Los túneles del tiempo y de la memoria nos retrotraen a otras épocas pasadas, como el fascismo de los años 30. Sin embargo, a diferencia de estos fascismos, que terminaron conformándose en dictaduras aún accediendo al poder por triunfo electoral, el neofascismo actual cala en esta sociedad líquida y es capaz de convivir con las actuales instituciones democráticas como si todo fuese tolerable, televisable y susceptible de ser democrático en la medida que es votable por un censo electoral en vigor, como si no hubiese un mañana que cuidar, ni un ayer con una larga trayectoria de lucha por generar principios y espacios sobre los que asentar los derechos humanos y la democracia.

La gravedad de un agujero negro atrae y engulle todo lo que encuentra a su alrededor. Y así como en el centro de la mayoría de las galaxias se conjetura que hay agujeros negros, tenemos la certeza de que hay núcleos centrales con prácticas políticas éticamente intolerables en muchos puntos del planeta. La extrema derecha, como los agujeros negros, se vale del miedo para ejercer su influjo. Prestemos atención a la atracción fatal que el neofascismo ejerce en el espacio político y cotidiano porque su dinámica le conduce a engullir todo lo que dejemos a su alcance: los derechos humanos, la soberanía popular, el poder judicial, etc.

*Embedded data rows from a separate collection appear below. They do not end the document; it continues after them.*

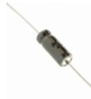
477TTA063M Illinois Capacitor CAP ALUM 470UF 20% 63V AXIAL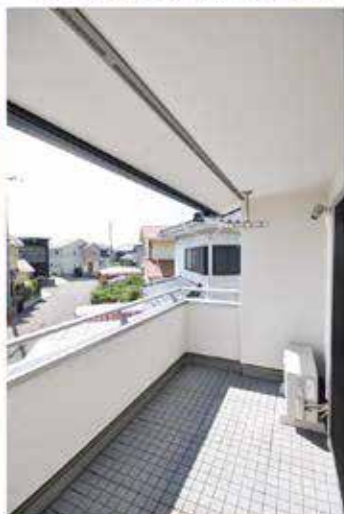
バルコニーは、屋根を全体にかけることで、 雨が降ってきても洗濯物がぬれません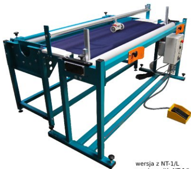
wersja z NT-1/L version with NT-1/L версия с NT-1/L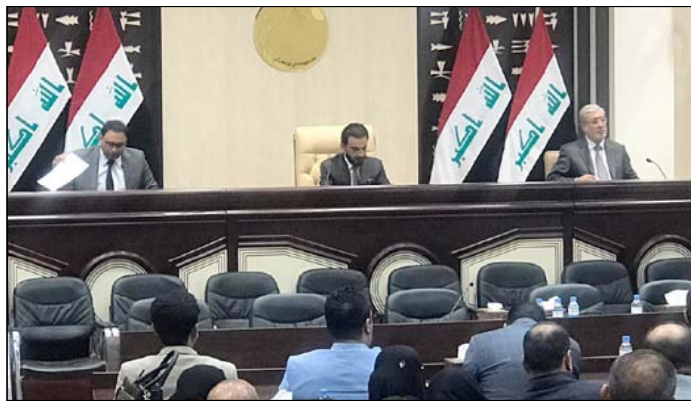
جلسة سابقة لمجلس النواب... (أرشيف)

أعلنت الأمم المتحدة، أمس الإثنين، حصيلة أعداد الضحايا في العراق لشهر أيلول ٢٠١٨، مشيرة إلى مقتل ٧٥ مدنياً عراقياً وإصابة ١٧٩ آخرين جراء أعمال الإرهاب والعنف والنزاع المسلح. وقالت بعثة الأمم المتحدة لمساعدة العراق (يونامي)، في بيان إن "الأرقام التي سجلتها البعثة أفادت بمقتل ما مجموعه ٧٥ مدنياً عراقياً وإصابة ١٧٩ آخرين، جراء أعمال الإرهاب والعنف والنزاع المسلح التي وقعت في العراق خلال شهر أيلول ٢٠١٨". وأضافت إن "هذه الأرقام تشمل سائر المواطنين وغيرهم ممن يعد من المدنيين وقت الوفاة أو الإصابة - كالشرطة في مهام غير قتالية والدفاع المدني وفرق الأمن الشخصي وشرطة حماية المنشآت ومنتسبي قسم الإطفاء". وأوضحت أنه "من بين مجمل الأعداد التي سجلتها بعثة الأمم المتحدة لمساعدة العراق (يونامي) في شهر أيلول، قتل ٧١ مدنياً (غير شامل للشرطة) ولم تقع إصابات". وأشارت بعثة الأمم المتحدة لمساعدة العراق (يونامي) إلى أن "محافظة بغداد كانت الأكثر تضرراً، حيث بلغ مجموع الضحايا المدنيين ١٠١ شخص (٣١ قتيلاً و٧٠ جريحاً)، تلتها محافظة الأنبار (١٥ قتيلاً و٣٧ جريحاً)، ثم محافظة صلاح الدين (٩ قتلى و٣٨ جريحاً). وقد حصلت البعثة على أعداد الضحايا المدنيين في الأنبار من دائرة صحة الأنبار وتم تحديثها حتى ٣٠ أيلول (شامل هذا التاريخ)". وأوضحت البعثة أنها "أعيتت من التحقق، على نحو فعال، من أعداد الضحايا في مناطق معينة، وهناك بعض الحالات التي لم تتمكن فيها من التحقق إلا بشكل جزئي فقط من حوادث معينة"، مبيّنة أنه "تم الحصول على أعداد الضحايا في محافظة الأنبار من دائرة صحة الأنبار، وهي قد لا تعكس بشكل كامل عدد الضحايا بسبب زيادة تقلب الوضع على الأرض في الأنبار وتعطل الخدمات".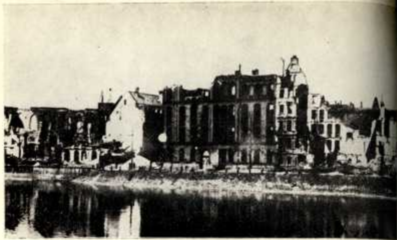
7. Były Szpital św. Józefa we Wrocławiu — w gruzach, obecnie całkowicie rozebrany.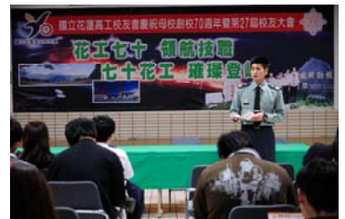
國軍人才招募中心到校說明

為協助高三學生對畢業後的升學及就業進路有更多認識及瞭解，進修學校特於 99 年 11 月 19 日舉辦「生涯進路說明會」。由輔導教師說明四技二專多元入學制度、雙軌訓練旗艦計畫，國軍人才招募中心專人說明志願士兵招募方式。經過一番說明，學生反應對未來進路有更瞭解，將有助於他們畢業後之生涯規劃。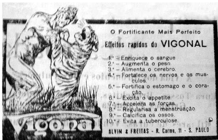
Figura 2: Vigonal: O Miliciano , n. 01 de 28/09/1927

presente no anúncio do fortificante Vigonal , 86 divulgado no jornal O Miliciano . Na imagem, que remete ao mito de Hércules, 87 aparece o desenho de um homem nu, de porte atlético, lutando com um tigre. O lutador é representado como sendo maior que o animal e se coloca de pé, segurando as patas do felino, subjugando-o com sua força. O tigre, um animal que simboliza a força e a agilidade, é enfrentado por um homem cujos músculos e a destreza contrastam com a fera. Mas, não é qualquer homem, é um homem jovem e saudável, que venceu a natureza doentia com um corpo forte: é o rei da força e da razão.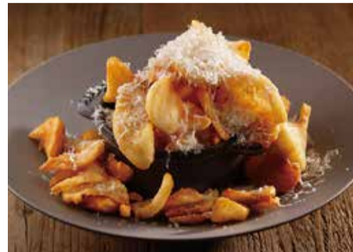
サイドウィンダーポテト トリュフソルト&パルミジャーノチーズ 1000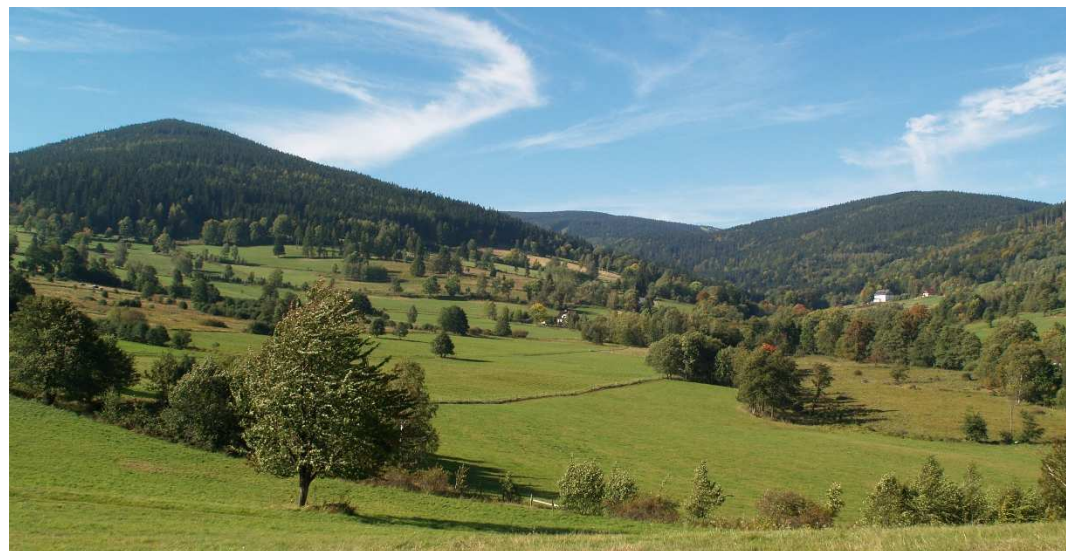
Widok spod „Koziej Bródki na Skałkach”. Na pierwszym planie góra Młyńsko.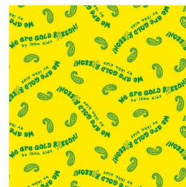
↑進呈するバンダナ

当日は、当社従業員も参加し、小児がんへの理解と周知を広げるためにウォーキングを行ないます。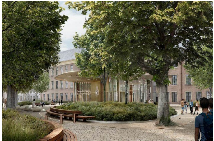
4. Publieksentree Tweede Kamer.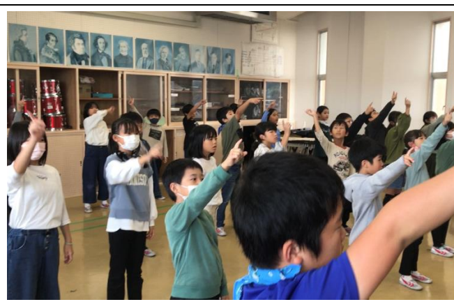
音楽会の練習をがんばっています。音楽会は、10月26日にアルテピアで開催されます。(4年)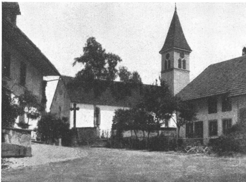
Die alte Kirche von Birmenstorf, die abgebrochen wird.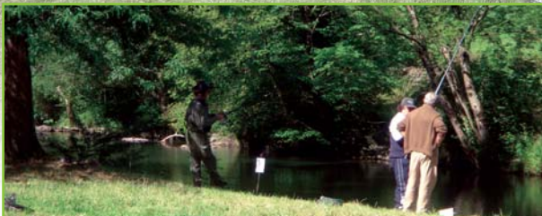
Partie de pêche sur la retenue de Bedous

D'une longueur d'environ 250m, la retenue présente un profil homogène : le gave s'étale ici sur une vingtaine de mètres pour une profondeur moyenne d'environ 1,50m.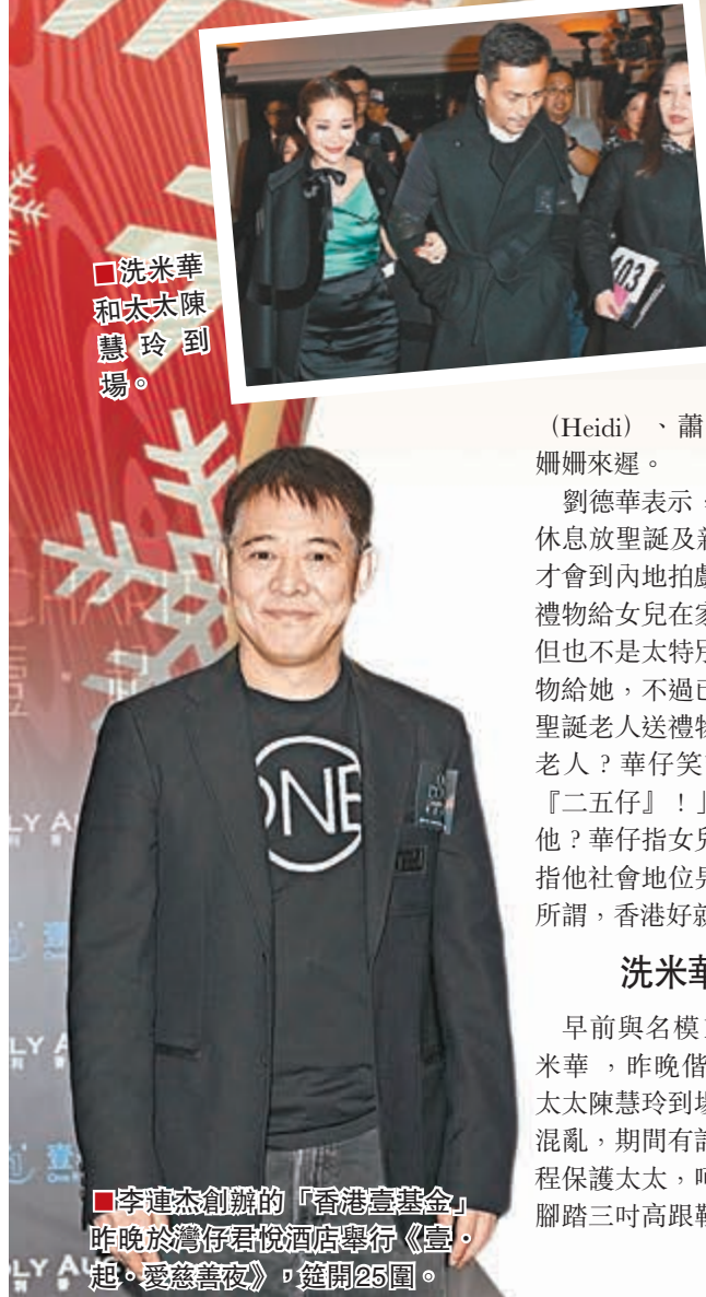
李連杰創辦的「香港壹基金」昨晚於灣仔君悅酒店舉行《壹·起·愛慈善夜》，筵開25圍。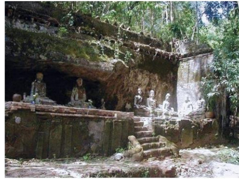
อาคารสภาพก่อนบูรณะ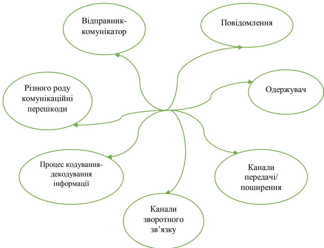
Малюнок 2.3. Складові комунікації органів публічної влади [20]

Будь-який процес публічної управлінської комунікації повинен містити типові складові, які відображені на малюнку 2.3.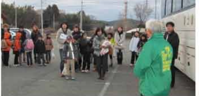
▲「菜の花プロジェクト」で風船おっかけツアー。 花の種とメッセージカードを添えた風船が約150km離れた茨城県内の圏央道建設現場へ届いたことがきっかけで、高根西小学校の親子24組が現場に訪れました。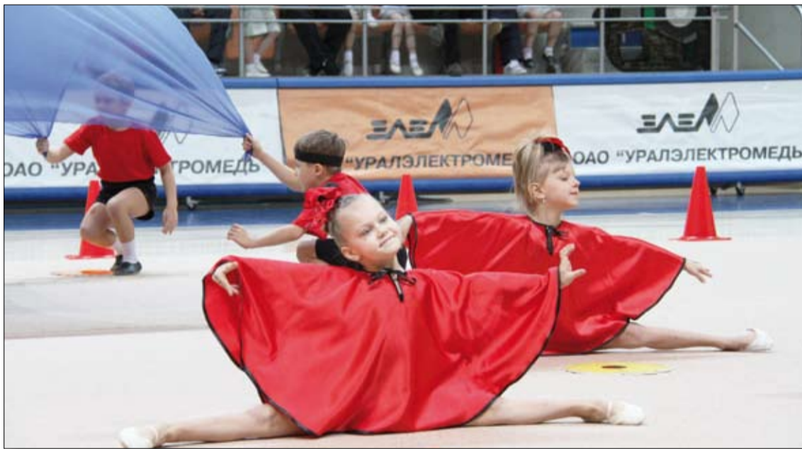
Композиция «Божьи коровки» покорила сердца зрителей.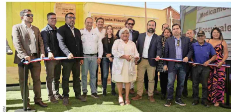
SQM Yodo Nutrición Vegetal, la Farmacia Fracción y la Municipalidad de Huala inauguraron la primera sucursal farmacéutica en la capital comunal.

Basados en el compromiso constante con el desarrollo sostenible de los territorios y sus comunidades, SQM Yodo Nutrición Vegetal, la Farmacia Fracción y la Municipalidad de Huala inauguraron la primera sucursal farmacéutica en la capital comunal, un hito que representó una gran oportunidad para mejorar el acceso a medicamentos para cientos de familias del territorio y que se enmarca en el convenio que la compañía mantiene con la Fundación para la Superación de la Pobreza (FSP). Cerca de 200 personas participaron en la ceremonia de apertura de la primera sucursal de Farmacia Fracción, que brindará acceso a medicamentos a más de 27.000 personas de la comuna y la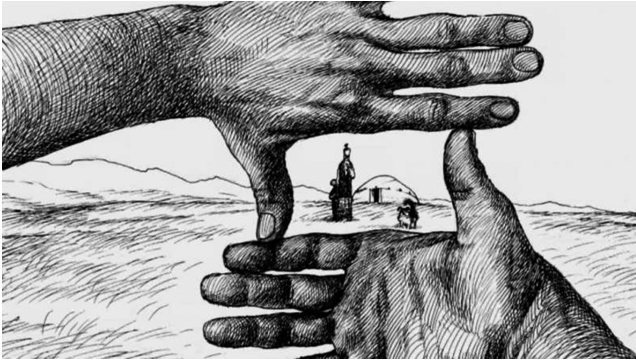
Abbildung 5: Manuelle Suche nach einem passenden Sujet.

Einem Gemälde gleich kommt die Ansichtskarte erst durch den Rahmen zustande, denn „die im Rahmen eingeschlossene Welt wird auf diese Weise zu einer sich selbst genügenden, autarken Welt ...“ 53 Zugänge zu dieser historischen Welt en miniature werden dann durch die praxeologische Analyse der historischen Ansichtskarte geschaffen.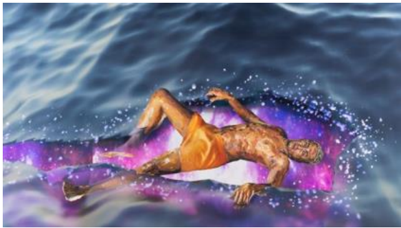
Alpha , peinture sonore, 2021

Kiddy Smile , peinture sonore, 2022, Kiddy Smile est un célèbre chanteur, DJ, producteur et performeur de la scène queer .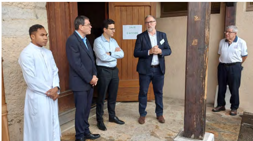
Apresentação da Nova Sociedade Kario em Belley

No início de agosto, o curso "Seguindo os passos" começou com a novidade de ser realizado em nossa própria plataforma de formação online: https://elearning.fsfbelley.net/ Mais um meio à disposição do cuidado da missão e do carisma.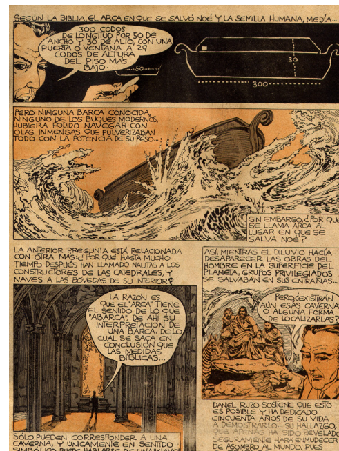
Nueve Copias Facsímiles de comics extraídos de una publicación de los años 60 procedentes del archivo de Daniel Ruzo de medidas 21 x 31 cm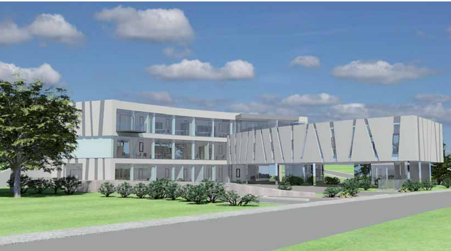
Das neue T.T.I.-Gebäude wird als erstes Projekt errichtet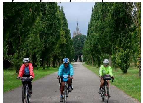
12 A Seneffe, magnifique allée menant au remarquable château de Seneffe datant du 18 ème siècle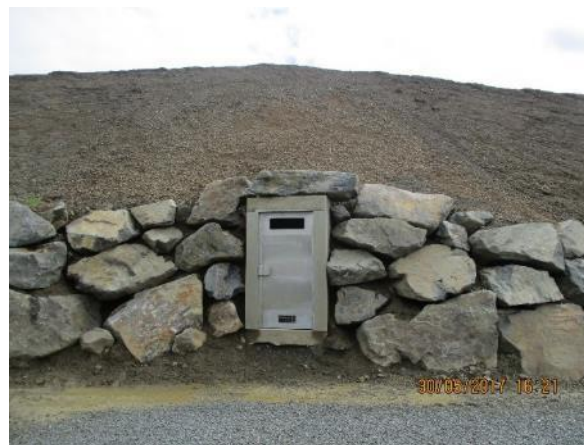
Souterrain créé de toute pièce pour les chauves-souris dans une carrière, avant et après recouvrement.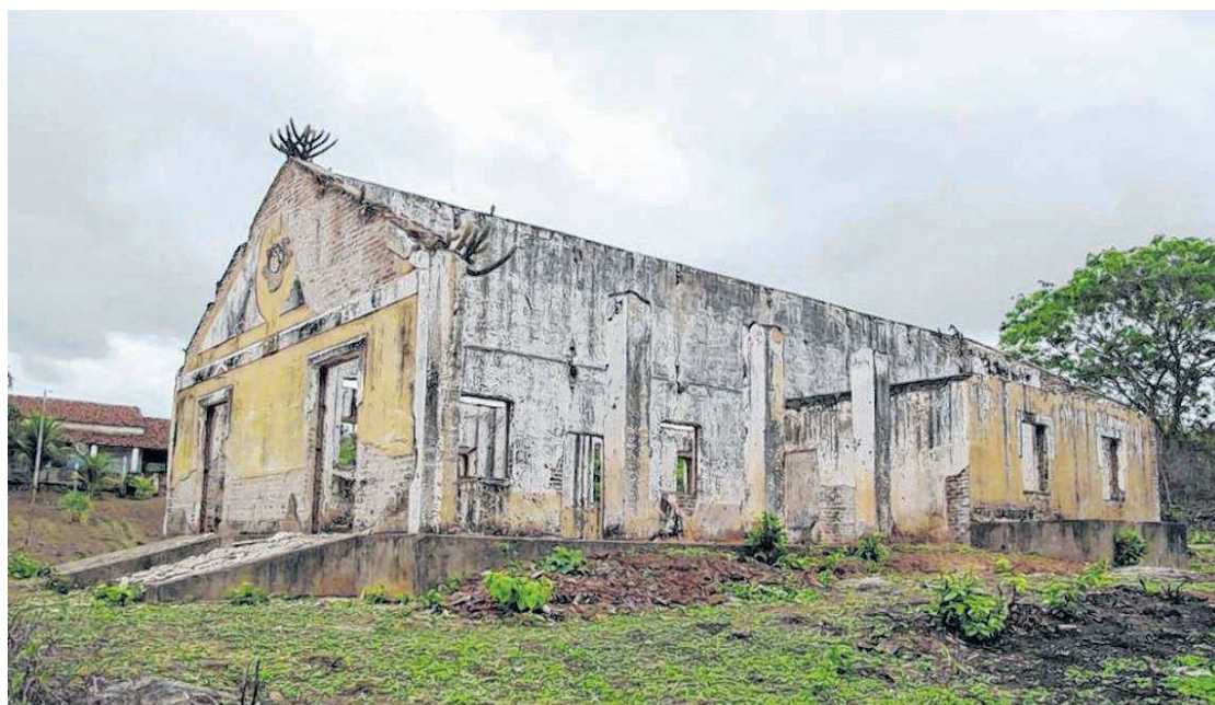
Conjunto arquitetônico reconhecido como campos de concentração em Senador Pompeu foi tombado em 2019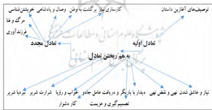
نمودار طرح کلی روایت در منظومه‌های عاشقانهٔ رمزی و تمثیلی

بر اساس دیدگاه‌های ارسطو و پراب، طرح کلی منظومه‌ها، در سه بخش تعادل اولیه، به هم ریختن تعادل و تعادل مجدد تقسیم می‌شود.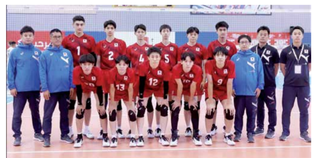
O منتخب اليابان للكرة الطائرة.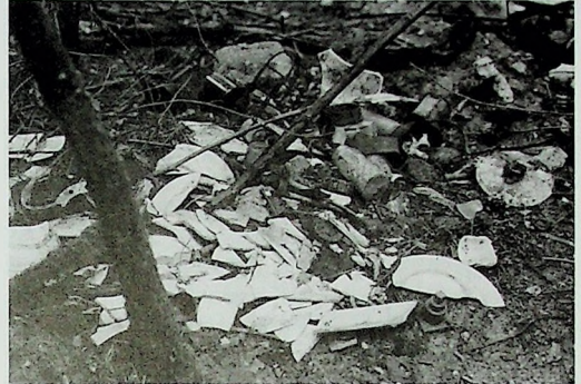
Door schatgravers opgegraven en achtergelaten vondsten in een Flak-stelling ergens op de zuidwestelijke Veluwe. Opvallend is de grote hoeveelheid huisraad (foto Ruurd Kok, juni 2005).

Deze luchtafweerstelling is slechts een van de vele terreinen met resten uit de oorlog waar zoekers vooralsnog ongestoord hun gang kunnen gaan. Slechts weinig mensen lijken zich ervan bewust te zijn, dat zodoende een unieke en onvervangbare informatiebron wordt vernietigd. De betekenis van bodemvondsten als historische bron lijkt nog vrijwel onbekend. Dat geldt ook voor berichten in deze Nieuwsbrief. In nummer 97 (februari 2005) wordt bijvoorbeeld de vondst beschreven van een dropkooi voor een motorfiets te Driel (Versluijs 2005) en is ook een bericht opgenomen over een zeldzaam stengun-bajonet die bij de Ginkelse Heide werd gevonden. De betekenis van deze vondsten wordt vooral gezien als een welkome, zeldzame aanvulling op de collectie van het Airborne Museum respectievelijk een particulier. De betekenis van bodemvondsten gaat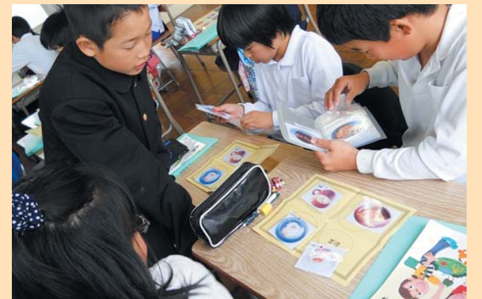
朝食の献立づくり（加賀市立錦城小学校）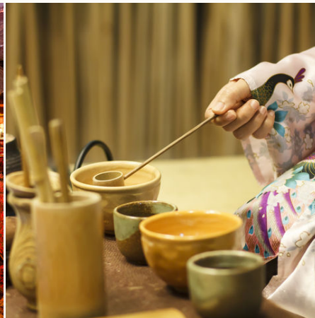
Traditionelle Teezeremonie, Japan

Definitivamente, no hay vida digna en el espacio neofascista. Es preciso construir espacios globales de solidaridad internacional y reconfigurar el sistema internacional económico y de protección de los derechos humanos antes de que sea demasiado tarde y el planeta se extinga en manos de la última especie dominante: el homo economicus neofascista.

Como dicen Yayo Herrero y el feminismo, la clave es articular una agenda en torno a la sostenibilidad de la vida: ¿qué podemos hacer para garantizar condiciones de vida digna para las mayorías sociales —alimento, vivienda, tiempo para los proyectos propios, educación, salud, poder colectivo, corresponsabilidad en los cuidados…— en un planeta parcialmente agotado y con un calentamiento global irreversible? Mirar desde ahí nos conduce a propuestas bastante diferentes a las que pretende imponer el neofascismo, y a ponernos de acuerdo y entendernos. Es preciso asumir que la crisis ecológica, el racismo colonial y el patriarcado constituyen, junto con la explotación del trabajo humano, los pilares materiales de la crisis civilizatoria y avanzar en todos ellos es fundamental para abordarla.
Para Stephen Hawking el universo no solo tiene una historia, sino cualquier historia posible. Pongámonos manos a la obra, incluso si es domingo, porque como también dijo el estudioso de los agujeros negros, no es necesario invocar a Dios para que encienda la mecha y ponga el universo en funcionamiento.

Stephen Hawking, que estás en los cielos, envíanos una estrella, si no roja, de todos los colores posibles. Veremos si con ella, aquí, generamos un horizonte de sucesos que nos libre del neofascismo. Hagámoslo ensanchando el espacio personal y colectivo con una teoría de cuerdas hecha de lazos, empatía y afectos.